Black voters in Alabama are also fighting back, claiming in lawsuits that the state’s GOP failed to account for population growth in a new map of congressional districts. And especially for the representation of a black community that comprises 27% of the electorate, a three-judge federal panel agreed with defenders that Alabama’s GOP map violates the VRA and must be corrected. However, the United States Supreme Court overturned the decision in a 5-4 decision, allowing the cards to remain in effect while the case is argued in lower courts.

Meanwhile, in Georgia, voters are challenging GOP-drawn maps for state and congressional districts. The crowding of black voters — and the cracking of other racial minority communities — into suburban Atlanta’s congressional districts has caused notable controversy. (Blacks make up about 35% of Peach State’s population.) Lawyers filed a lawsuit in federal court accusing the GOP legislature of diluting black representation in Congress and the state legislature.

It’s hard to believe we’re doing this again, but nearly six decades after President Lyndon B. Johnson signed the Voting Rights Act, black voters still need to stand up for the constituencies that represent their interests. As in the past, the usual instances of appeal are state and federal courts, local and state legislatures, mayors and governors. As of December 2021, about 28 lawsuits have been filed opposing the new congressional maps on grounds of racial discrimination, according to the Brennan Center.

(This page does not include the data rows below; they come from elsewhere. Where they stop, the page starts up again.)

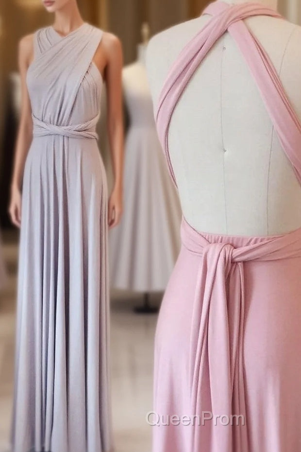 Elegant A-Line Pink Long Bridesmaid Dresses Wedding Party Dresses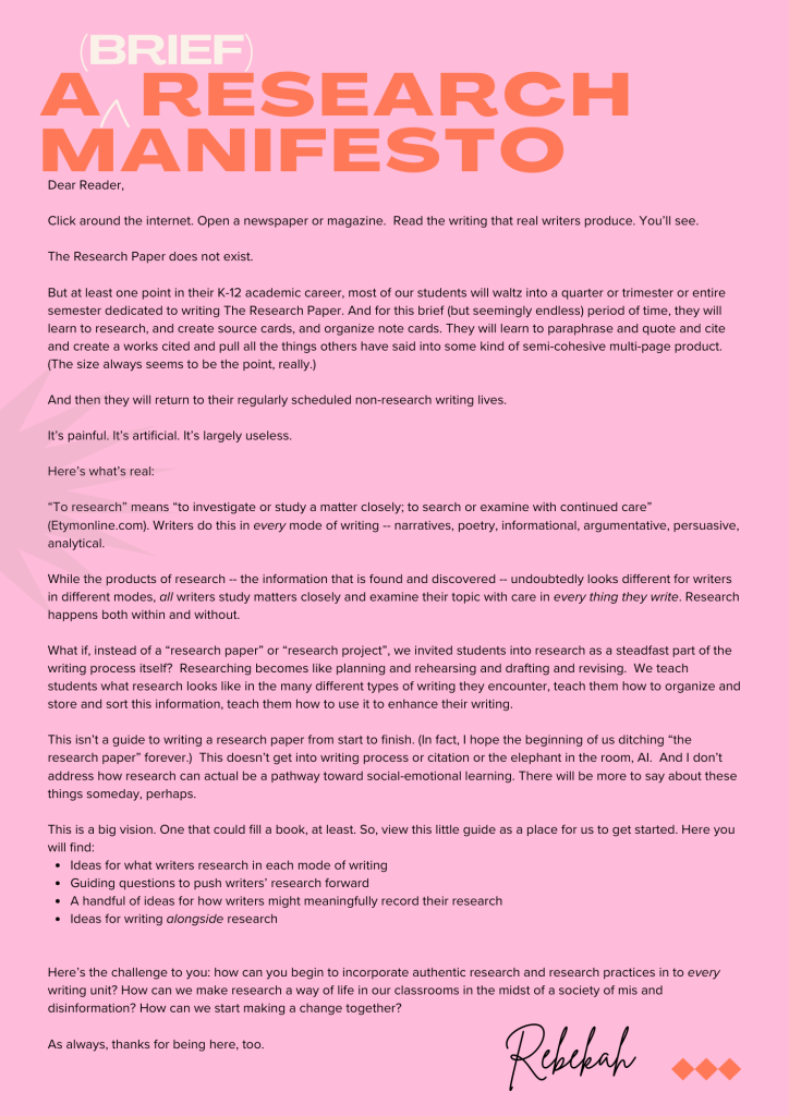 I’ve been working on an 11-page digital primer to begin changing the way we think about research-writing. No more semester-long research papers, rife with inauthentic, teacher-driven rules and procedures. Here’s a place for all of us to start.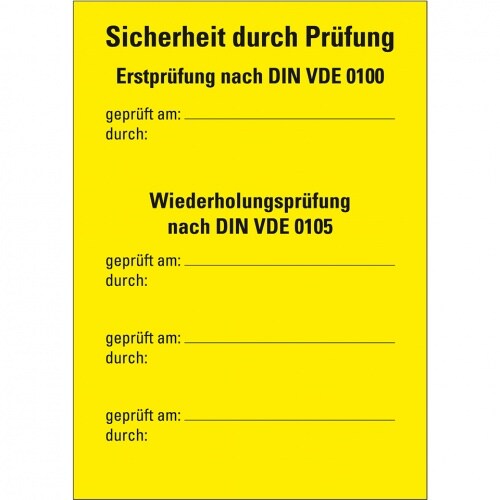 König Werbeanlagen Dreifke® Prüfnachweis Typ B, Erstprüfung nach VDE 0100/0105, Folie, ablösbar, 105x148mm

And it all stems from how SCOTUS effectively neutered the VRA in 2013.

Congress had the opportunity to address the denial of voting and representation in January by passing the “Freedom to Vote: John R. Lewis Act,” a merger of two suffrage bills sponsored by the Democrats, the Freedom to Vote Act and the John Lewis Act. But the bill died in the Senate.

If passed, the law would have established new protections against racial discrimination in voting and election administration. The John Lewis Act alone would have revived the provisions of the VRA weakened by the Supreme Court.

However, Congress still has a chance to revisit the issue and get it right. That chance lies in bipartisan talks on a future bill known as the “Vote Count Act,” which would reform the way votes for president are vetted by the Electoral College and certified by Congress — and for avoid a repeat of the chaos of the January 6 uprising.

Still, the ECA may be the last best hope to fight the discrimination in voting unleashed by the Supreme Court. Democrats and moderate Republicans must incorporate key provisions of the John Lewis Act into any bill. It is time to end the racial chaos in our democratic system.